Business | Property

Cracking the contract code

Whether you buy property off-plan or on the secondary market, knowing the facts before signing on the dotted line can save you a lot of heartache. words: Andrew Yule

  • Andrew Yule; contributor; Freehold Monthly
  • Published: 00:00 October 15, 2009
  • Freehold Monthly

What is an MOU?

A Memorandum of Understanding (MOU) is a document that governs the relationship between a purchaser and a seller. It sets out the obligations of each party and the procedure to be followed. The title ‘MOU' does not give the document any special powers; some parties prefer to use the term ‘contract of sale' or something similar.

 

How does it work?

In most cases, the MOU document is supplied by the real estate broker or agent who put the deal together. Both buyer and seller should review the document to certify that their respective interests are protected and to ensure the document gets them to the position they want to be in.

 

Sale of completed property on the secondary market

When a completed property is being sold and bought on the secondary market, a MOU needs to be created. The number of off-plan sales has plummeted dramatically since the summer of 2008; however, sales of completed properties are still popular with lenders and purchasers, who can take comfort that in buying finished units there is no risk of construction delay.

 

Attention to detail

Before the Land Department issues a new title deed in the purchaser's name, it will require a No Objection Certificate (NOC) from the developer. However, for the developer to issue the NOC it will require full payment of an administration fee and any common charges arrears. The MOU should clearly state that both buyer and seller are obliged to be present at the developer's office to obtain the NOC. On receipt of the NOC, both parties have to agree to a date on which they will visit the Land Department for the actual transfer of title.

 

Purchase price and mortgage

The purchaser should pay the purchase price in return for receiving the title deed for the property in his or her name. Where the amount is being paid by a cheque, the seller would be best served to insist on payment by manager's cheque from a bank with retail branches in Dubai. If the property is subject to a mortgage, the MOU must clearly state that the mortgage must be discharged prior to the purchase price being payable. The seller should check with the lender about the requirements which should then be reflected in the MOU.

 

Deposits

Frequently, the purchaser will be obliged to pay a deposit upon signing the MOU. The deposit will be held by a third party (often the entity who put the deal together). The MOU should state under which circumstances the third party must release the deposit and to whom. For example, the seller should specify that the third party returns the deposit upon the buyer receiving the title deed. To help ensure the third party abides by the MOU's wording relating to the deposit, the third party should agree in writing to comply with its obligations under the MOU (the most straightforward way to do this is for the third party to be a signatory to the MOU).

 

Is an MOU needed for off-plan purchases?

Since off-plan property is purchased direct from the developer, an MOU is uncalled for. Whereas prior to the credit crunch purchasers would often sign documents without a second glance, buyers today regularly take time to review the contract before signing. The buyer may even be able to persuade the developer to revise certain clauses in the contract. The clauses which a buyer should pay attention to include description of the unit, payment schedule and his/her right to terminate the contract.

 

Reviewing off-plan contracts

The purchaser should review the description and plan of the unit, bearing in mind that any description and plan he or she may have been given previously will be superceded by whatever the contract states. Where there is reference to area, the purchaser should establish if this is gross or net area ( recommends hiring a chartered surveyor). The developer will require some leeway in the contract, permitting the final measurements of the unit to differ from the measurements specified in the contract. In this case, the buyer/investor should ensure that the permitted variance is not excessive and that the developer doesn't increase the price in the event that the as-built area exceeds the area detailed in the contract.

 

Payment schedule and date

The purchaser should ensure the payment schedule is linked to stages in construction. Each milestone should be defined clearly so both parties are in no doubt as to what work should be completed before each payment.

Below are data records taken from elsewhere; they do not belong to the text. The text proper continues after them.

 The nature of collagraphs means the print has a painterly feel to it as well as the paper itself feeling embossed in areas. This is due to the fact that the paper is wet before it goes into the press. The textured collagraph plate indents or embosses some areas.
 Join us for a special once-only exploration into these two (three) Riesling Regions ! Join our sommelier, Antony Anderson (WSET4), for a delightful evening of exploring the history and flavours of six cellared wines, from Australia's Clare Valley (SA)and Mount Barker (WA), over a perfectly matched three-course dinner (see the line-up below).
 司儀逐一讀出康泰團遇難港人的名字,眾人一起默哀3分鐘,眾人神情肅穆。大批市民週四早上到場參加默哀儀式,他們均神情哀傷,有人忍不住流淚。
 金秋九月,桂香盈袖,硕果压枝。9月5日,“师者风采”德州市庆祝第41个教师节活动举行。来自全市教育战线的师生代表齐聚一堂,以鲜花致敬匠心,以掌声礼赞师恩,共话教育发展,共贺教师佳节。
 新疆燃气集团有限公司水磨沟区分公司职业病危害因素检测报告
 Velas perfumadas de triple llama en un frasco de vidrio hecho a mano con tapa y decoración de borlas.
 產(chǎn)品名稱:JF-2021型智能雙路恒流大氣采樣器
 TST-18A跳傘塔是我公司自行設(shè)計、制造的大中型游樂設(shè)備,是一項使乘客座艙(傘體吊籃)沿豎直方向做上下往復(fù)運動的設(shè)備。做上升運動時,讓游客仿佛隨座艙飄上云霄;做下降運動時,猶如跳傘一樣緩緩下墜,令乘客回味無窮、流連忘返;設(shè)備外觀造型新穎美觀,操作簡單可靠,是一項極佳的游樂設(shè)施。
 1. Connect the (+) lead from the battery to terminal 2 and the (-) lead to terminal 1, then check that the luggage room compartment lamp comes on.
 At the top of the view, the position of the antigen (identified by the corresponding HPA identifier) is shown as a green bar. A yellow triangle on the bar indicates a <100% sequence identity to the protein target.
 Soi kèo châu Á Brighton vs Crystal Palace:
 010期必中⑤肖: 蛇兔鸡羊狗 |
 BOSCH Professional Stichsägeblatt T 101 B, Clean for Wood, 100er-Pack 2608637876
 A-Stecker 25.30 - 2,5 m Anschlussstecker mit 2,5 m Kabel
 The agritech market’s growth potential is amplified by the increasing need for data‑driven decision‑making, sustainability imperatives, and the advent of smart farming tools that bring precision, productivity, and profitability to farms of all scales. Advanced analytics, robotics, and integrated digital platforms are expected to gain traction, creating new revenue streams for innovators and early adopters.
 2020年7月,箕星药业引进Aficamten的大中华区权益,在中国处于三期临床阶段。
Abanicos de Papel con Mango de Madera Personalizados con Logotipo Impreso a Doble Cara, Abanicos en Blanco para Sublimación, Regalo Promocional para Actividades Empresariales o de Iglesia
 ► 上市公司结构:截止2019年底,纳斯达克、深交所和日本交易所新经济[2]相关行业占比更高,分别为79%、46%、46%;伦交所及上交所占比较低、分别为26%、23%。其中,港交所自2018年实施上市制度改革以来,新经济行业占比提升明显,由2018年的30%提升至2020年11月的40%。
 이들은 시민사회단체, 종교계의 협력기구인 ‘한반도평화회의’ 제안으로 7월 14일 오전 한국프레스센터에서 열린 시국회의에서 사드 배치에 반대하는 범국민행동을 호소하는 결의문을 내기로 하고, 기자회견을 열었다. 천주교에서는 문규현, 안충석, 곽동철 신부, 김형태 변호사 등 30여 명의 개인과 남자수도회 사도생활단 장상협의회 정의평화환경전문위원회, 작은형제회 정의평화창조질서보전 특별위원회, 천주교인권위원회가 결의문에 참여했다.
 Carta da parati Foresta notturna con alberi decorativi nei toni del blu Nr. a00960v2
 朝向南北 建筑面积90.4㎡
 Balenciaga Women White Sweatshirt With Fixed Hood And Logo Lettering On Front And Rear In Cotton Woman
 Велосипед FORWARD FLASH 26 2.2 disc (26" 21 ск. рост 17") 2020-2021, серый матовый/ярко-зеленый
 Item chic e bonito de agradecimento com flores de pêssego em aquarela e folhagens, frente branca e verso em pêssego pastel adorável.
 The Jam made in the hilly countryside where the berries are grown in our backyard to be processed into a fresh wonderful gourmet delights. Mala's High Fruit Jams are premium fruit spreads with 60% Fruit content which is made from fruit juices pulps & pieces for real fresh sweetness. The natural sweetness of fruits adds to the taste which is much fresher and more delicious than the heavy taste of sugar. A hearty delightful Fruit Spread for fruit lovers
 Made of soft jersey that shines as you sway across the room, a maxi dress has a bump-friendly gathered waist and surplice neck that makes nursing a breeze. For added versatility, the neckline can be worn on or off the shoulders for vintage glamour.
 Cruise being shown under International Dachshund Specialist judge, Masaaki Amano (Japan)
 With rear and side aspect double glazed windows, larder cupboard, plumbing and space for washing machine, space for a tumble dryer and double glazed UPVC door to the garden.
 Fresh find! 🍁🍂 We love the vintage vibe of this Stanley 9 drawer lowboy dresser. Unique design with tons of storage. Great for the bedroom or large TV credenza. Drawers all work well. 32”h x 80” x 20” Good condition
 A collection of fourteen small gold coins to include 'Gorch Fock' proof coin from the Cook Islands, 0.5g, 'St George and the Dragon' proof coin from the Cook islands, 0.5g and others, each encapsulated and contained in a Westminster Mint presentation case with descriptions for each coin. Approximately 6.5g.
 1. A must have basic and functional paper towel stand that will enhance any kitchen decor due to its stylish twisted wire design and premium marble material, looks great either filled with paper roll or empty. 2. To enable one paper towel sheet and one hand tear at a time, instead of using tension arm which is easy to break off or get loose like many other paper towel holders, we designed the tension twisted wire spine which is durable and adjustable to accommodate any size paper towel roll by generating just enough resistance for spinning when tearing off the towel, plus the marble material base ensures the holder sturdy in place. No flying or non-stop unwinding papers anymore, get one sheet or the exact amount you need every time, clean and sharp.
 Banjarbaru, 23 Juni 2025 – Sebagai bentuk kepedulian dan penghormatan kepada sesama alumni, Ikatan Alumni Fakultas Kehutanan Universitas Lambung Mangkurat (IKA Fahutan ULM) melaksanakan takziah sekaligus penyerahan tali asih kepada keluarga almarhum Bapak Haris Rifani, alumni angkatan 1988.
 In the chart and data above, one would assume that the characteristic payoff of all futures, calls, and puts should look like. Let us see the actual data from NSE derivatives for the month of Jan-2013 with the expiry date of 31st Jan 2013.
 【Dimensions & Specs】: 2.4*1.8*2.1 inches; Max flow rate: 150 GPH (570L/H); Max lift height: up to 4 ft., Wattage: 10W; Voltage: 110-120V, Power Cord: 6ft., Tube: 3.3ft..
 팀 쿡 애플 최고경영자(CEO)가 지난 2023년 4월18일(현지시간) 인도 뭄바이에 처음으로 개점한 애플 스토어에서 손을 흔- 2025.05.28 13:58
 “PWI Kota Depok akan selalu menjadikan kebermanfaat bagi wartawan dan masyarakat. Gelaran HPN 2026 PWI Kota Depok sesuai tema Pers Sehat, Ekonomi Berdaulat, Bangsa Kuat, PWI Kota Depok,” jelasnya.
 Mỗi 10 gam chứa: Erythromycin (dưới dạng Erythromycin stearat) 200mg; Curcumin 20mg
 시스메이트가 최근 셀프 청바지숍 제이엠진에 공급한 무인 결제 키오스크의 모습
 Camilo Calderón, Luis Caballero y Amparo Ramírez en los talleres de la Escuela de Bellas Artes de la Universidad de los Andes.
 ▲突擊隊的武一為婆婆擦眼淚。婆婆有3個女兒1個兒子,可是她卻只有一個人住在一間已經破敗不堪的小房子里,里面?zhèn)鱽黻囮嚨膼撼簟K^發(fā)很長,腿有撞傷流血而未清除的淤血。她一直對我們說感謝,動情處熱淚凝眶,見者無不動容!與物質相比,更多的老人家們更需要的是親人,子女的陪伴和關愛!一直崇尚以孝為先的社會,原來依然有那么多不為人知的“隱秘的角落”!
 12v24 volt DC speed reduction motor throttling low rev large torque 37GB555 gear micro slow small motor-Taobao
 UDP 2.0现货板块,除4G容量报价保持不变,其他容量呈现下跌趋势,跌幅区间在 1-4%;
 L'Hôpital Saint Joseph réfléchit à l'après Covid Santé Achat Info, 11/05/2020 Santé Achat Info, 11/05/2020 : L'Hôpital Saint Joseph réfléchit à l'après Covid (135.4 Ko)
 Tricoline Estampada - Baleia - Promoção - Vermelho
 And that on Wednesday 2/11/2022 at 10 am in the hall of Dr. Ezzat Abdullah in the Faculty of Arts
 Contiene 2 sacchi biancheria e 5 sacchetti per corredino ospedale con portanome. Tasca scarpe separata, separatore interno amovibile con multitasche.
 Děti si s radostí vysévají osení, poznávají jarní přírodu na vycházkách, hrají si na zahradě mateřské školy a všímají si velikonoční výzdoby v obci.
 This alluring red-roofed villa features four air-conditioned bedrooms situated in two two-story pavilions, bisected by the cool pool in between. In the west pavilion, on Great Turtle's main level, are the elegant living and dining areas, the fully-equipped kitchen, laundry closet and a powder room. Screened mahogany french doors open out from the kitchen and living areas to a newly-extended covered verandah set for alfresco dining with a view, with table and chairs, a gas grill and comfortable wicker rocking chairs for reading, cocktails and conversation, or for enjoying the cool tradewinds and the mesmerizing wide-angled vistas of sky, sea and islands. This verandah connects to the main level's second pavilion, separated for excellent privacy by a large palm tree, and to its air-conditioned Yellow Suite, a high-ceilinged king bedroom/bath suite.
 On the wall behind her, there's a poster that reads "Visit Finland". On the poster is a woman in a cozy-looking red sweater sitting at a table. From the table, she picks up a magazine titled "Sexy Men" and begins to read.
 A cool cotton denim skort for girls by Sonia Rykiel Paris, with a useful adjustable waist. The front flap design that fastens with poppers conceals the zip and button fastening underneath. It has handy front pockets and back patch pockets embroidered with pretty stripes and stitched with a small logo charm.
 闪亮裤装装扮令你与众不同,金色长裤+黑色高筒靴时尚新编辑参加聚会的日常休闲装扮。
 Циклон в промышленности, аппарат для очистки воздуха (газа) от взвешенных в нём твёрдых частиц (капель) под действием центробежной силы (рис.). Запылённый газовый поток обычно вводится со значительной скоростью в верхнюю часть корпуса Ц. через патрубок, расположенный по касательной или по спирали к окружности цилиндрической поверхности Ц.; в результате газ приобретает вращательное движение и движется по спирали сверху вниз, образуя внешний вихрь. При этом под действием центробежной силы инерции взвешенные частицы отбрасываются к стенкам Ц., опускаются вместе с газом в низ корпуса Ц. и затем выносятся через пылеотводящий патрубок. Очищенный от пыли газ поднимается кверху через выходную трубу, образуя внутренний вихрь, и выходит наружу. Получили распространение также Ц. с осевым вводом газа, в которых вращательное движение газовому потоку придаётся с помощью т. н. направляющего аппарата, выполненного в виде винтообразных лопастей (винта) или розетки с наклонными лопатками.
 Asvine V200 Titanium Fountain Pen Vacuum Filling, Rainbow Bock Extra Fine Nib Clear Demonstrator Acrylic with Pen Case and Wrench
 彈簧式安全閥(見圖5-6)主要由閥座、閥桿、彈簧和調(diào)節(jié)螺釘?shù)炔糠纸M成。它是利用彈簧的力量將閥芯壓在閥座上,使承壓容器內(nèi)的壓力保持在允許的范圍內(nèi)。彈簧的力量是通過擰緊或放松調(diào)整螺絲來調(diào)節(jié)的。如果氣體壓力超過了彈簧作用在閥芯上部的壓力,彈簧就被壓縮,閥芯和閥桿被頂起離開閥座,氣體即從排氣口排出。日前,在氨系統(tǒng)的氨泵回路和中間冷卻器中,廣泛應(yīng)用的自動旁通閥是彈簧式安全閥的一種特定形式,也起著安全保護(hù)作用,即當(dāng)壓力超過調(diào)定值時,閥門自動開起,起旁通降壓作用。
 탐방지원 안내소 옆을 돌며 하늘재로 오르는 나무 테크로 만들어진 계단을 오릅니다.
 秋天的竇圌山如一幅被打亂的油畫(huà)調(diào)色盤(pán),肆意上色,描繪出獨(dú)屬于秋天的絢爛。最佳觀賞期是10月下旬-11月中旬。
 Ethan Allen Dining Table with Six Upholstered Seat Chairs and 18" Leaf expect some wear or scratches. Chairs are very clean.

Although the contract may specify a date as the expected date of completion of the unit, it may also state that the date may be extended due to events beyond the developer's control. The buyer then needs to protect himself by specifying a date, beyond which — if the unit has still not reached completion — he or she can terminate the contract and have his money returned.

 

* Andrew Yule is an associate at Afridi & Angell law firm, ayule@afridi-angell.com. The above information is not legal advice and is neither intended to create nor creates a lawyer-client relationship. Neither the writer nor Afridi & Angell is responsible for anyone relying on the above information. You are therefore advised to seek independent legal advice.

tip. Always ensure the payment schedule is linked to stages of construction.